Pull out every line below that holds the word "grey".
MATERIAL FOR THIS EXERCISE Block Start
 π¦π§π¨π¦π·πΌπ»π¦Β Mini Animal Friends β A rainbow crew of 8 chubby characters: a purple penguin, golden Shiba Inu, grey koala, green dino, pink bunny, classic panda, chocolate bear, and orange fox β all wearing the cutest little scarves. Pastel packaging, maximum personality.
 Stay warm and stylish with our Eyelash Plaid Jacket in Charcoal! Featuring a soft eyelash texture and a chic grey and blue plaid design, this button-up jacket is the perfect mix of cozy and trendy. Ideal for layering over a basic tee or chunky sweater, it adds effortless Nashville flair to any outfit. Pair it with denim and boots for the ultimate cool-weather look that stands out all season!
MATERIAL FOR THIS EXERCISE Block End
MATERIAL FOR THIS EXERCISE Block Start
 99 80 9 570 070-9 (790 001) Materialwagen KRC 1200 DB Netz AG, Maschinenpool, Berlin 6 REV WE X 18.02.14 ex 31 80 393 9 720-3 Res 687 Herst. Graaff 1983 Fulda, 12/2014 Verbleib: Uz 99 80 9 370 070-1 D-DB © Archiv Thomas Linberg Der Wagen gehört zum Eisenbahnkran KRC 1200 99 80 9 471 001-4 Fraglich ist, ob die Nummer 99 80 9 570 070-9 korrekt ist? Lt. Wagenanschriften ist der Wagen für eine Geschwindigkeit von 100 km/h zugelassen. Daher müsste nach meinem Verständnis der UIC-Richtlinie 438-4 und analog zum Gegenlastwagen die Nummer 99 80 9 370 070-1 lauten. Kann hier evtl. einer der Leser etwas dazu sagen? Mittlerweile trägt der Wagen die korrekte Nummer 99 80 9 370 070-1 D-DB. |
MATERIAL FOR THIS EXERCISE Block End
» **ANSWER TO THIS PROBLEM**:
 π¦π§π¨π¦π·πΌπ»π¦Β Mini Animal Friends β A rainbow crew of 8 chubby characters: a purple penguin, golden Shiba Inu, grey koala, green dino, pink bunny, classic panda, chocolate bear, and orange fox β all wearing the cutest little scarves. Pastel packaging, maximum personality.
 Stay warm and stylish with our Eyelash Plaid Jacket in Charcoal! Featuring a soft eyelash texture and a chic grey and blue plaid design, this button-up jacket is the perfect mix of cozy and trendy. Ideal for layering over a basic tee or chunky sweater, it adds effortless Nashville flair to any outfit. Pair it with denim and boots for the ultimate cool-weather look that stands out all season!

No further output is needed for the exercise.